Вступив в спор с Аполлоном, который подчеркивает доброе поведение Гектора, хвалит его заслуги как великодушного и достойного похвалы жреца, совершающего жертвоприношения, Гера выдвигает другой критерий оценки: рождение, божественное происхождение, который ставит Ахиллеса выше его жертвы. Конечно, она не забывает сказать о яствах, которыми боги обязаны Ахиллесу. Затем говорится о свадебном банкете, устроенном по случаю бракосочетания Пелея и Фетиды, пиршестве, в котором приняли участие все олимпийцы. Следовательно, речь идет о пище, вкушаемой за столом привилегированного смертного в тот самый момент, когда он соединялся браком с богиней, а не как в случае с Гектором — о приятном запахе, регулярно посылаемом благочестивым святошей.

Гера умело и логично манипулирует аргументами своего кастового сознания: рождение, происхождение. Посейдон же спорит с Зевсом во имя других ценностей: равенство в правах, разделение, жребий. Но каждый раз побеждает Зевс, ибо обладает верховной властью. То властный, то сговорчивый, зачастую лукавый, Зевс играет желаниями и правами других, как богов, так и смертных.

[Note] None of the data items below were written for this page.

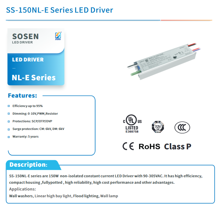 ราคาดีที่สุด SOSEN SS-150NL-E260B PWM Dimming รับประกัน 5 ปี DC180-260V 150W ประสิทธิภาพสูง ตัวเรือนอะลูมิเนียม ไฟ LED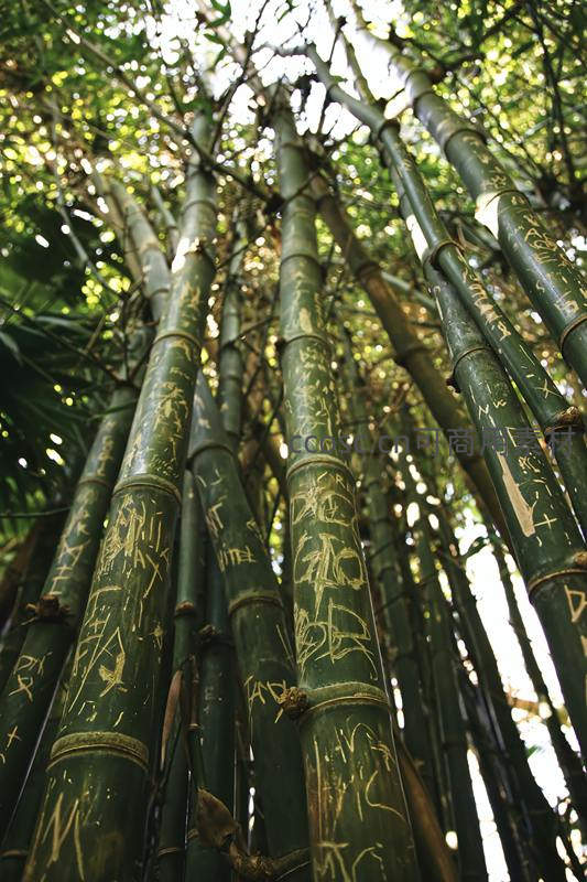 仰拍视角下,竹竿上布满手刻文字与符号,记录着过往岁月的痕迹,在光影中诉说人文与自然的交融故事。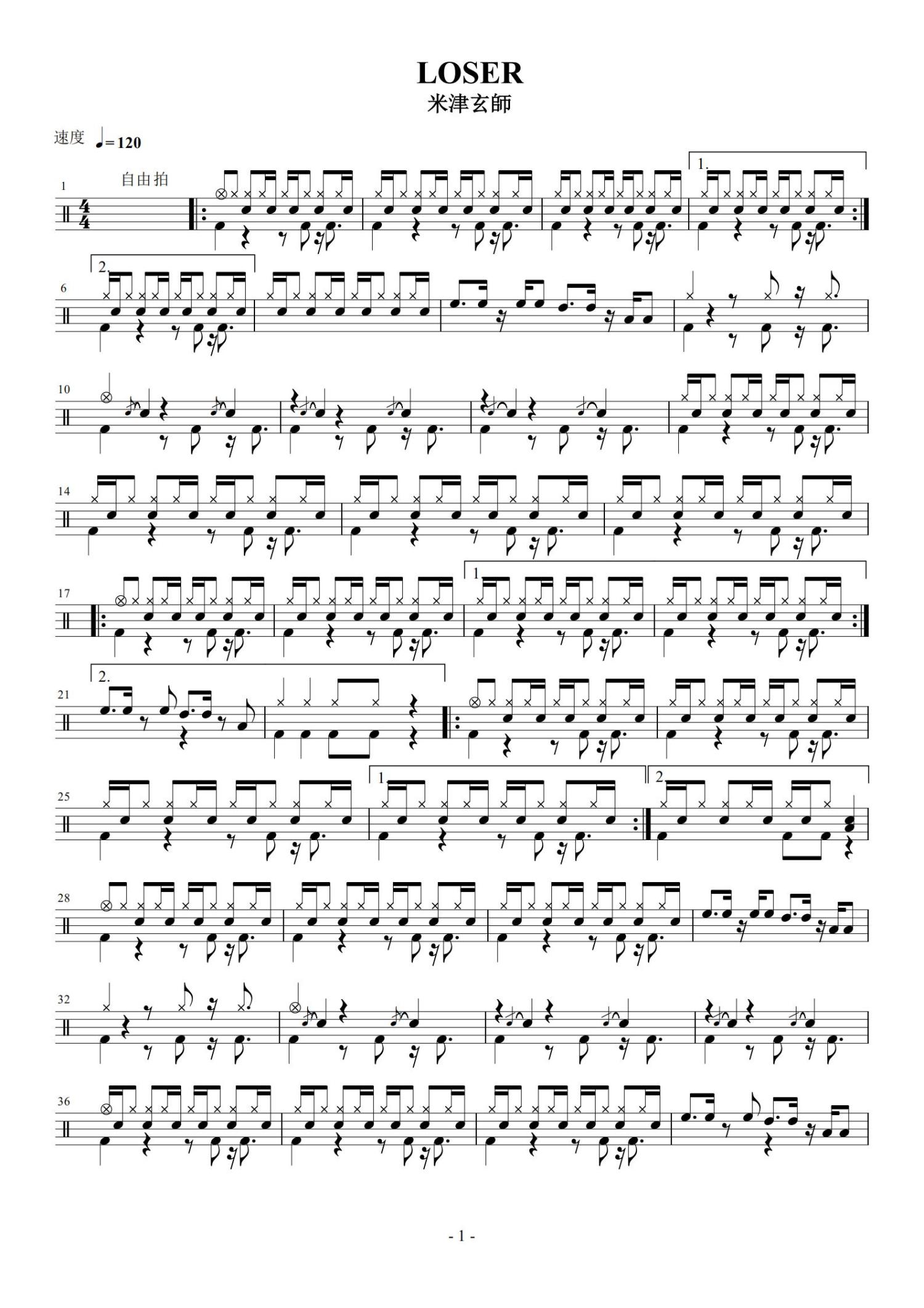 • Loser鼓谱 - 米津玄师 - 架子鼓谱第1张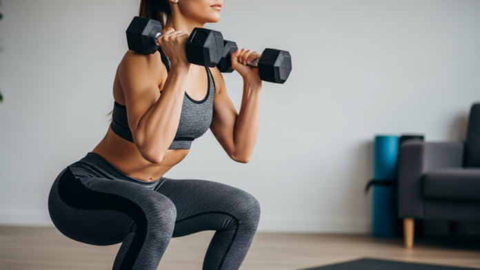 A pair of dumbbells (5–15 lbs), a bench or stable surface, and a mat. Optional: resistance bands for added intensity.

Например, в споре о погребении тела Гектора он навязывает свое мнение Гере, обещая ей сначала, что Ахиллес получит такие же почести, какие никогда не получает простой смертный, но затем напоминает ей, что Гектор был очень дорог самому Зевсу — во имя блага всех богов — так как густой дым от огузка теленка, не правда ли, приятен всем на Олимпе... Зевс ловко смешивает собственный интерес с интересами других, начиная с интереса своей собеседницы, которой суждено вскоре в этом убедиться. Что касается Посейдона, то Зевс возьмет над ним верх, приведя юридический довод: Посейдон говорит о равенстве братьев? Хорошо, пусть тогда он вспомнит о законе, который утверждает право первородства, приоритета старшего над младшим. И мудрый Посейдон склоняется перед этим доводом.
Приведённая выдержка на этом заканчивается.